This Is Art – The effect of streaming services on the music industry

By Jack Rechsteiner, managing editor

How do you listen to music today? Probably Spotify or Bandcamp or Google Music or YouTube.

Gone are the days of listening to physical copies of music. Sure, some musical diehards (myself included) still purchase vinyl or cassettes to hold onto, but the majority of people only listen to music on digital formats. They don’t even make cars or laptops with CD players anymore. So the question on the mind of many musical artists is, what impact are streaming services having on the careers of aspiring musicians?

“You do make money from it, but just not as much as you would make back in the day when people bought physical albums. There is a market of people who still buy physical albums, such as people who really want to support the artist or people who like vinyl, but the majority of plays these days definitely come from streams,” says Josh Cowdrey, guitarist and vocalist for Detroit band You Rest You Joy Life.

On one hand, streaming is better than having Lars Ulrich yelling about Napster (if anyone remembers that court case about music torrenting in 2000.) That’s a lesser-of-two-evils answer, but it shows an industry shift that is hopefully moving in a better direction for the future.

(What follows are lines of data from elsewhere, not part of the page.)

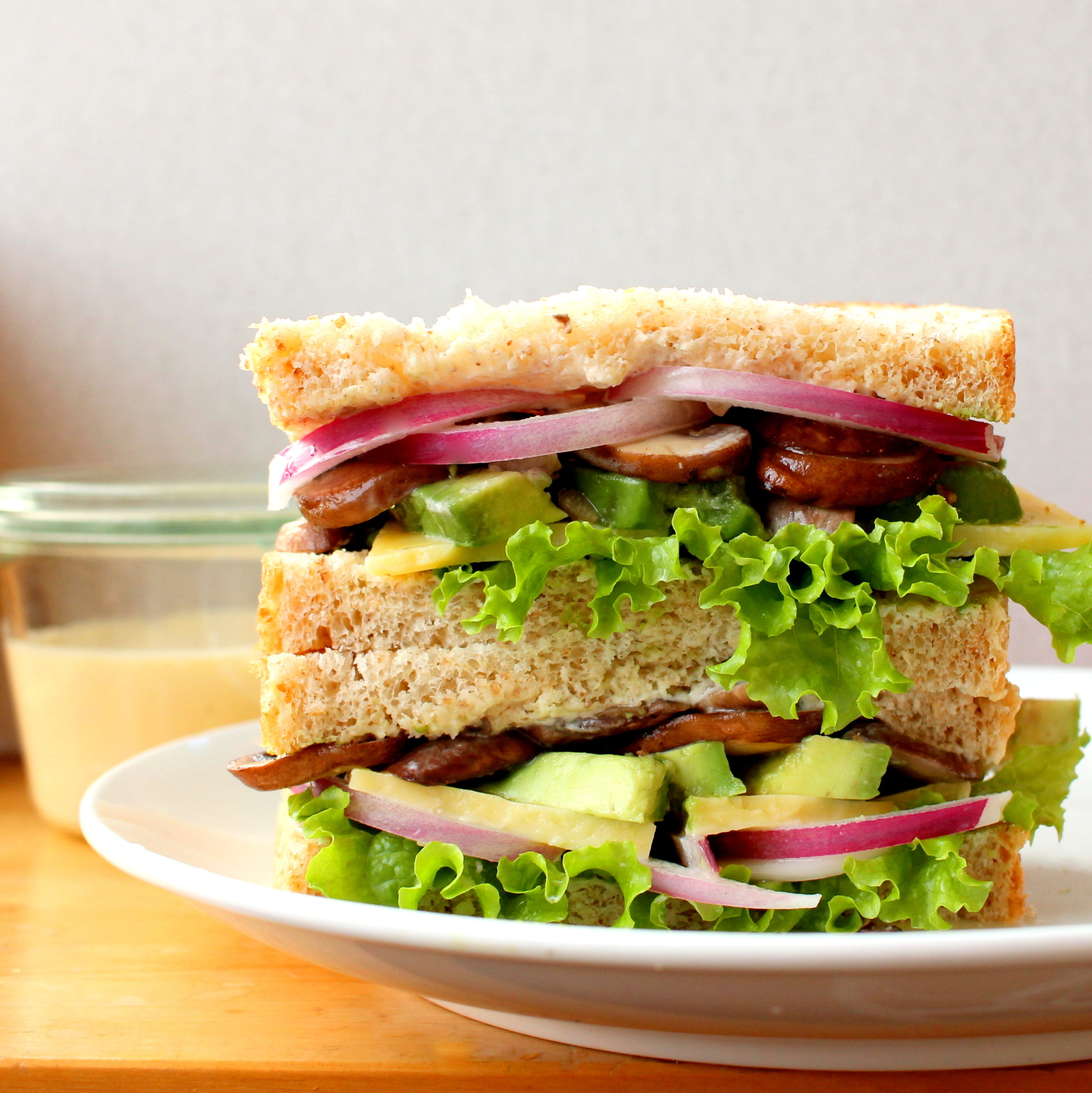 サンドイッチの具は旬のマッシュルームのガーリック炒め、アボガド、紫玉ねぎのピクルス、チェダーチーズとレタスです。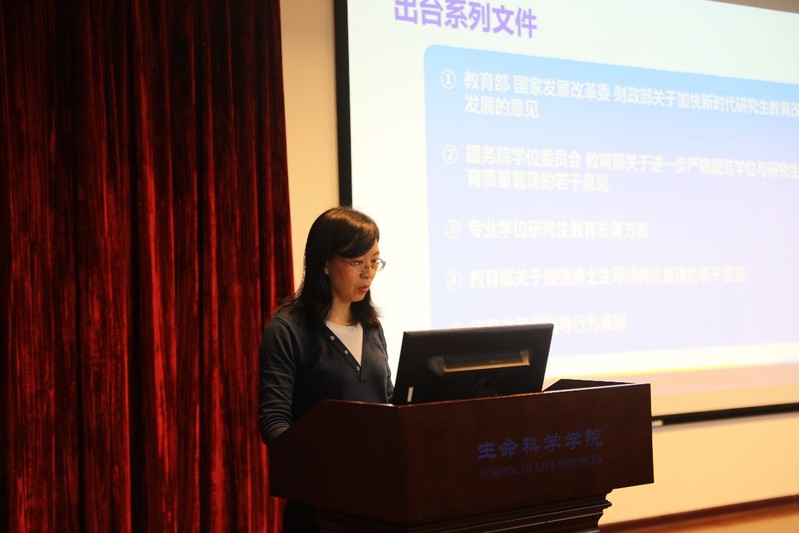 学院党委副书记葛学凤做师德师风专题报告,着重传达全国研究生教育会议和我校前不久刚刚召开的研究生教育工作会议精神内容,并就《关于加快新时代研究生教育改革发展的意见》和《研究生导师指导行为准则》两个文件做重点介绍。强调导师要全面落实立德树人根本任务,坚持严谨治学,支持研究生开展科学研究,加强对研究生的人文关怀,守住行为底线。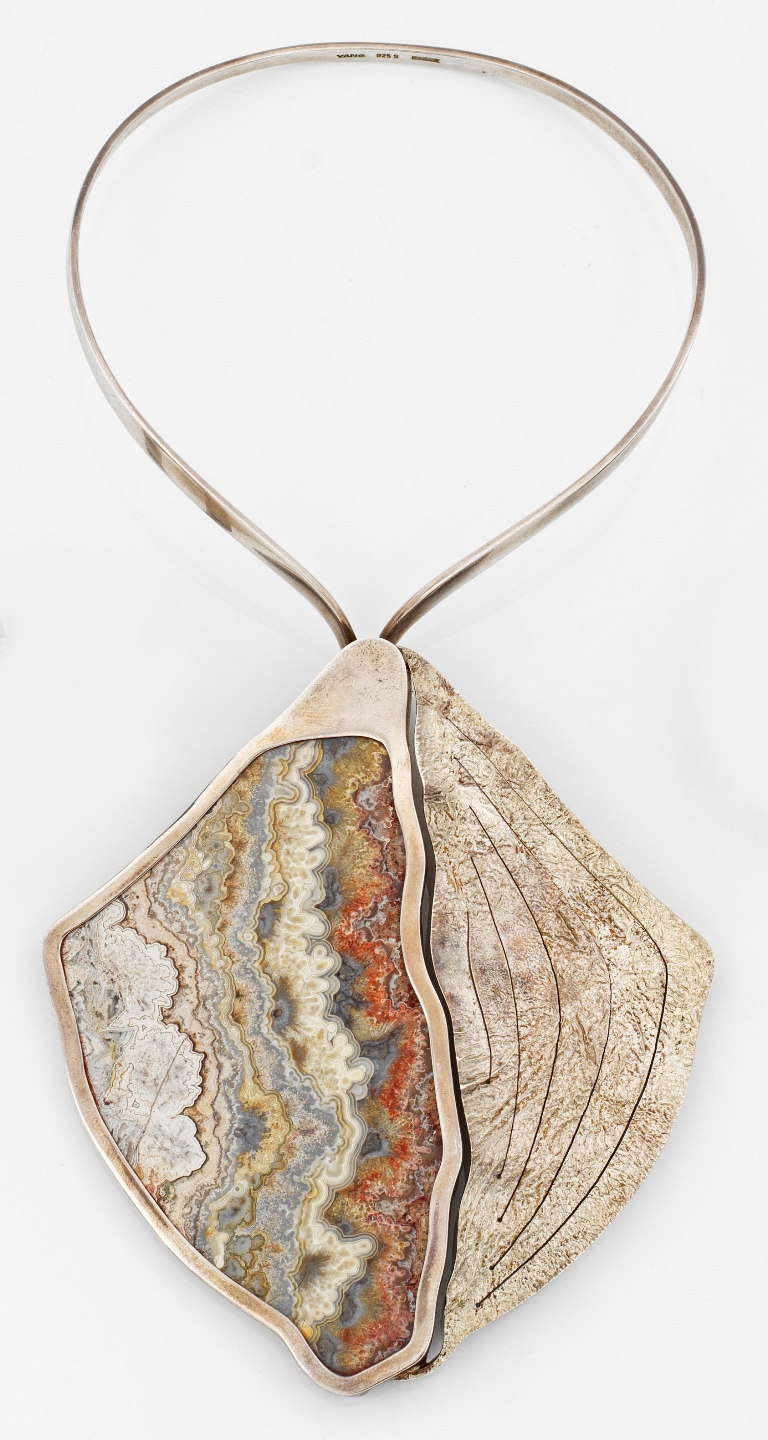 Choker with agate pendant by Jorge Peter Vang, in Sterling silver. Maker's mark.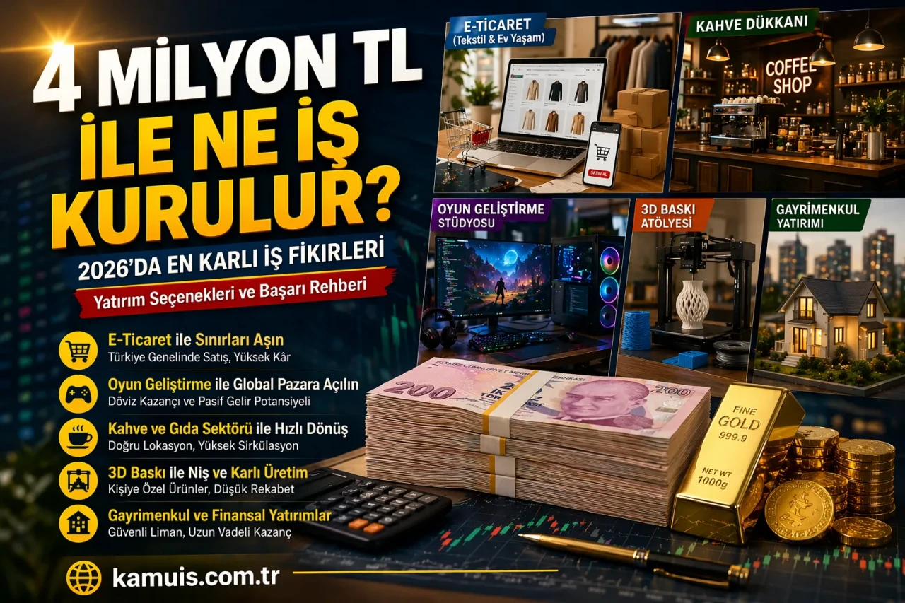 4 milyon TL sermaye ile 2026 yılında e-ticaret, kahve dükkanı, 3D baskı atölyesi ve gayrimenkul yatırımı gibi birçok karlı iş kurulabiliyor. Doğru sektör ve planlama ile hem aktif hem pasif gelir elde etmek mümkün.

“I see the good and bad on both sides. I think for younger bands it can be good as there’s now a market for everything, even the weirdest stuff. With the touch of a button you can find some random band who made a self-recorded EP in a basement in China. There’s also no pressure to make ‘mainstream accessible’ music because of this,” says Cowdrey.

In the context of how people listen to music today, I don’t think the industry could survive without streaming. Anytime I buy a physical copy of music, it’s usually after I’ve listened to it online. Even though I love having physical copies of my music, I listen to all my music digitally and I can think of very few ways that digitize music as effectively and successfully as streaming services.

“Back in the day the only route to get exposure was to sign to a label and then you were at their mercy. This is not the case anymore. Take Chance the Rapper for example, who is now a three-time Grammy-winning artist that has produced all his music independently and released his latest album on Spotify,” says Cowdrey.

Streaming has helped many small bands get their names out to people who may not have listened to it otherwise, but it makes significantly less money for the artists than if people were purchasing the music for a few dollars. This makes it a lot harder for musicians to pay for recording and touring. Because of the accessibility of streaming, it has given artists more exposure without people having to worry about paying for a copy of the album, so there’s good and bad.

“There is a reason a lot of artists have held out on streaming for a long time or still refuse to do it. The main way to get paid as a musician is through touring and merchandise, as well as licensing and syncing,” says Cowdrey.

If I still had to buy music to listen to it for the first time, there would be an uncountable amount of bands that I love that I would have never heard of otherwise. It’s a terrible thing that music is getting bought less and less, but it gives more people an opportunity to discover smaller artists and then come to watch you perform. It’s a form of give and take, which is now seeing the music industry push toward generating more money from show experiences and merchandise that isn’t CDs.

It’s now easier than ever to earn a living wage with music, due to social media and streaming, but it is harder to get beyond that point. Streaming is a double-edged sword for the music industry, but until the industry makes a shift toward supporting artists the pros are going to evenly outweigh the cons.